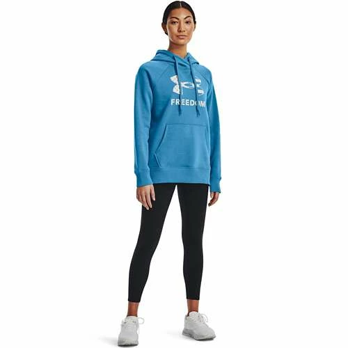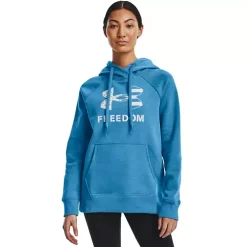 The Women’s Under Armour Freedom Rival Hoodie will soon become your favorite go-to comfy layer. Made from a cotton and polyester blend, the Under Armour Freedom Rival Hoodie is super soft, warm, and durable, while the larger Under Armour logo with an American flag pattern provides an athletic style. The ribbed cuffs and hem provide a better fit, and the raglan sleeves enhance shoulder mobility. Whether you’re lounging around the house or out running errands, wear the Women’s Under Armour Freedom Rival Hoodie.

* * *

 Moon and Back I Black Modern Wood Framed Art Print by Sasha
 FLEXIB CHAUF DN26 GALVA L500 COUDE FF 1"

--

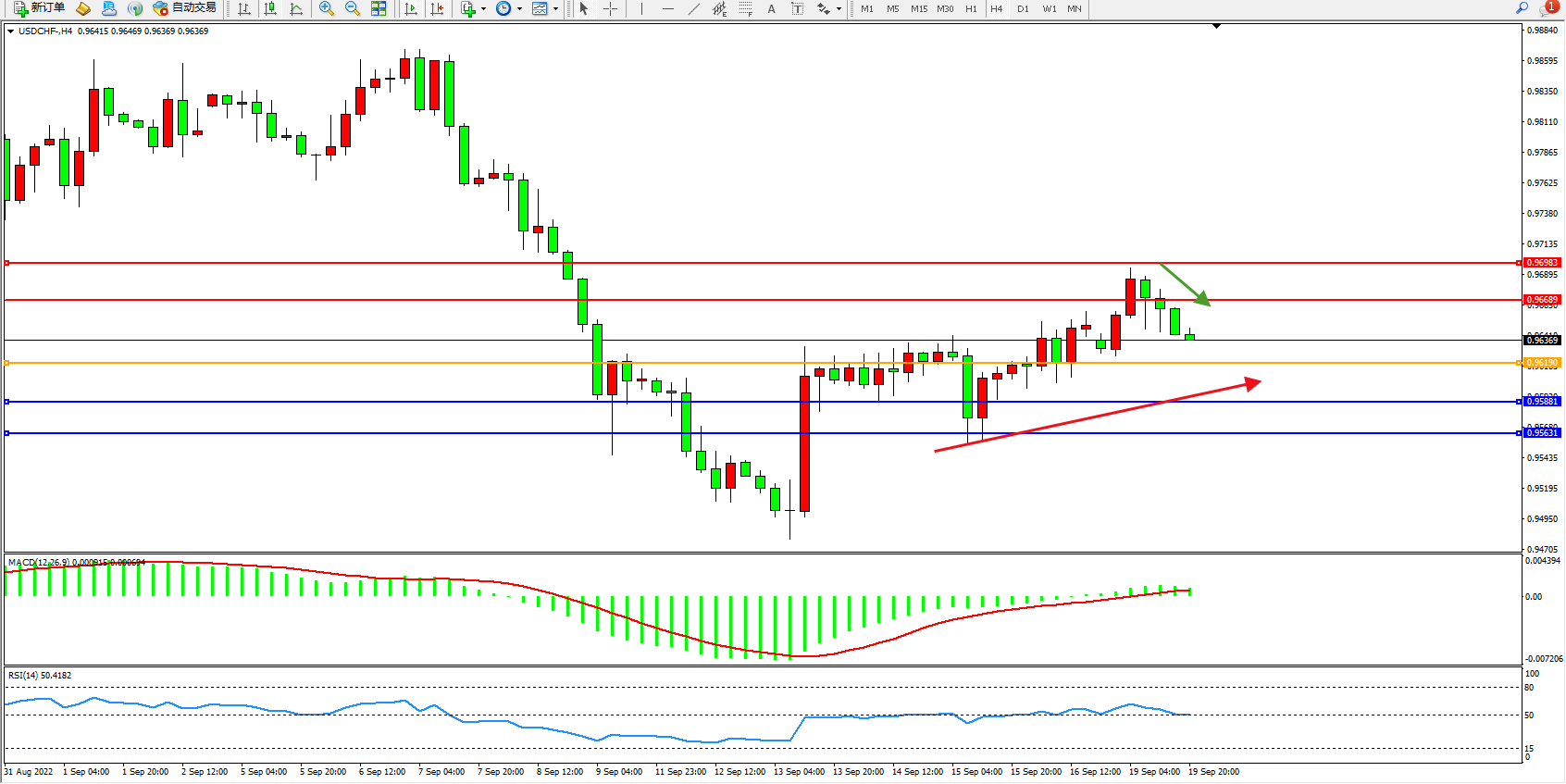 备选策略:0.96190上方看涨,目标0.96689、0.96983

**DIRECTIONS FOR THIS TASK:** Could you set down, exactly as written, the lines above between the one holding "Moon and Back" and the one holding "FLEXIB CHAUF DN26", inclusive, and nothing more?

**COMPLETED TASK:**
 Moon and Back I Black Modern Wood Framed Art Print by Sasha
 FLEXIB CHAUF DN26 GALVA L500 COUDE FF 1"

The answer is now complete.